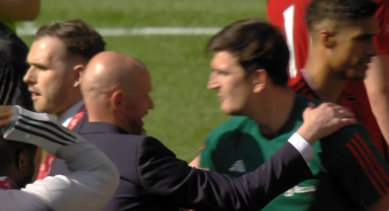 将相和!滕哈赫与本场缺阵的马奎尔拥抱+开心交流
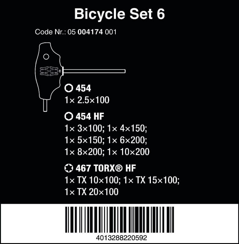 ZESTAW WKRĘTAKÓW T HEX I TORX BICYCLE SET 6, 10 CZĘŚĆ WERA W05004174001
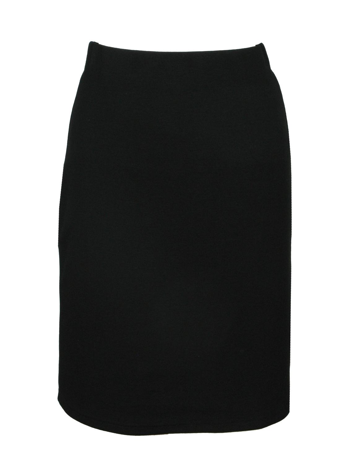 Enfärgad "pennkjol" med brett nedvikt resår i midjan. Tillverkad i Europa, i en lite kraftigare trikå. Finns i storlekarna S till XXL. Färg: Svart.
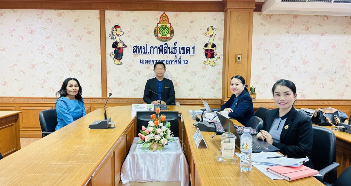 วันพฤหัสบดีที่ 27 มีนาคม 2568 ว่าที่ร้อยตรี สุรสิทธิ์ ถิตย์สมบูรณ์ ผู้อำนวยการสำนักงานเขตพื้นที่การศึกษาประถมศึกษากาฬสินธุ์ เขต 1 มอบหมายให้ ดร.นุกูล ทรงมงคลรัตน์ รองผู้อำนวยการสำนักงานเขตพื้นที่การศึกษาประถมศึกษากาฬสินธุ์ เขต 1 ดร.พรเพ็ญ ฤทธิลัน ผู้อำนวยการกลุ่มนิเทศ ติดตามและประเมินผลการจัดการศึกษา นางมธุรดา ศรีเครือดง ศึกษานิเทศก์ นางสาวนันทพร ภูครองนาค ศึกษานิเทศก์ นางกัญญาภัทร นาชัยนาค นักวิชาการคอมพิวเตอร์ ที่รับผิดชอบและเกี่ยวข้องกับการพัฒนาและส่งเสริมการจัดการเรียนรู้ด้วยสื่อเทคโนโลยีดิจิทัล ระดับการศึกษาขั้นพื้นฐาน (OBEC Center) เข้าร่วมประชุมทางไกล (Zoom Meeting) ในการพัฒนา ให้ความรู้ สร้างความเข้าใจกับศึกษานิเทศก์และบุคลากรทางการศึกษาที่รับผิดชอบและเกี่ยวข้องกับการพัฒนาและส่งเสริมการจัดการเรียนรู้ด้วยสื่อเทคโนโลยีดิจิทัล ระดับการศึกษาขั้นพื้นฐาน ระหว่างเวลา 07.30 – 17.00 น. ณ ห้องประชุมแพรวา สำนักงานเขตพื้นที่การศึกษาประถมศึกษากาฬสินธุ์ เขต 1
================================
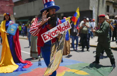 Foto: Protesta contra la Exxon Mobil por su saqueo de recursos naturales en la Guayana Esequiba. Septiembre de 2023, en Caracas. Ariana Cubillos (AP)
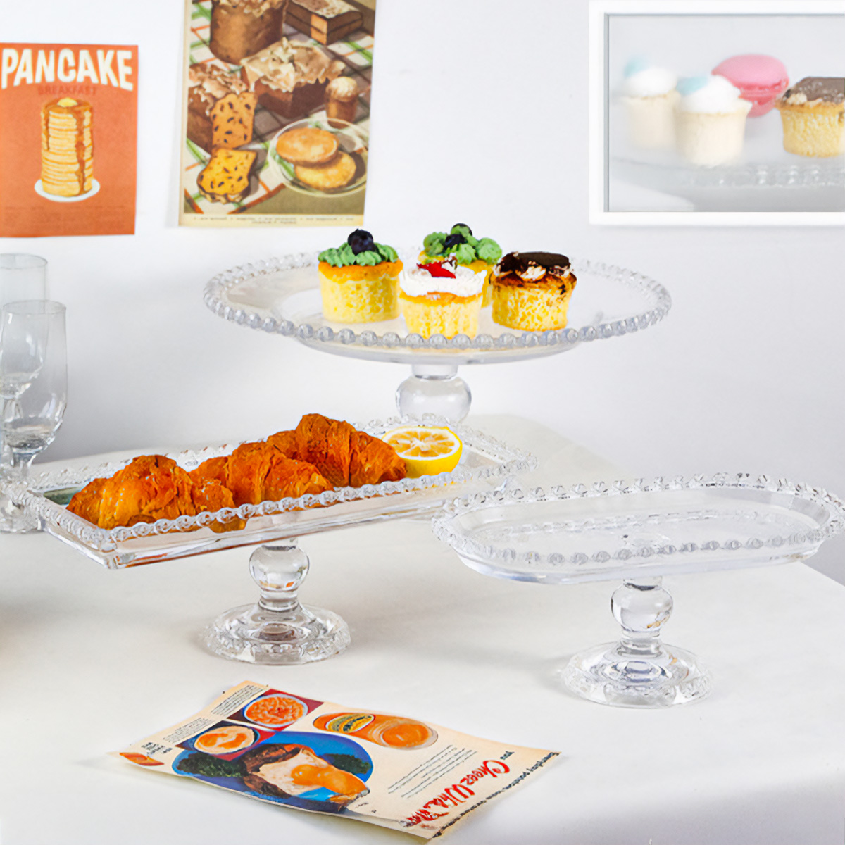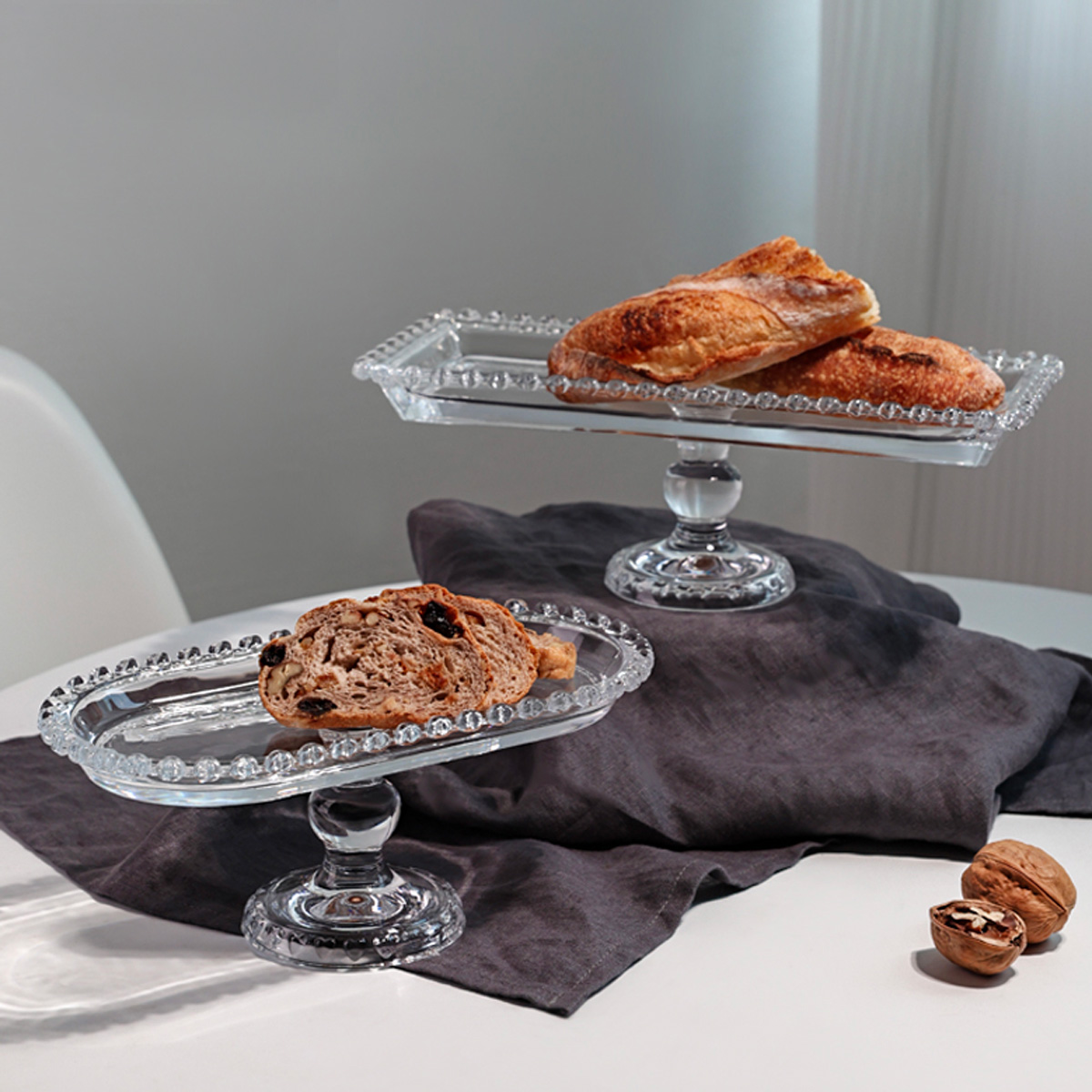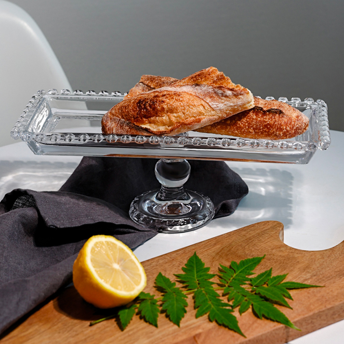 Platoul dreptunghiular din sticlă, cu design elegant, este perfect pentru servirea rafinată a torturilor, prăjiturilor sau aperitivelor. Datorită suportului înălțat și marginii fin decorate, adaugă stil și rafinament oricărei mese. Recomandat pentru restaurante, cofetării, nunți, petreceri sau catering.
================================
## PROMPT
What's needed is an exact copy of the lines above from the one with "ZESTAW WKRĘTAKÓW T" through the one with "XXL. Färg: Svart.", both included; the pictures stay out.

## YOUR SOLUTION
 ZESTAW WKRĘTAKÓW T HEX I TORX BICYCLE SET 6, 10 CZĘŚĆ WERA W05004174001
 Enfärgad "pennkjol" med brett nedvikt resår i midjan. Tillverkad i Europa, i en lite kraftigare trikå. Finns i storlekarna S till XXL. Färg: Svart.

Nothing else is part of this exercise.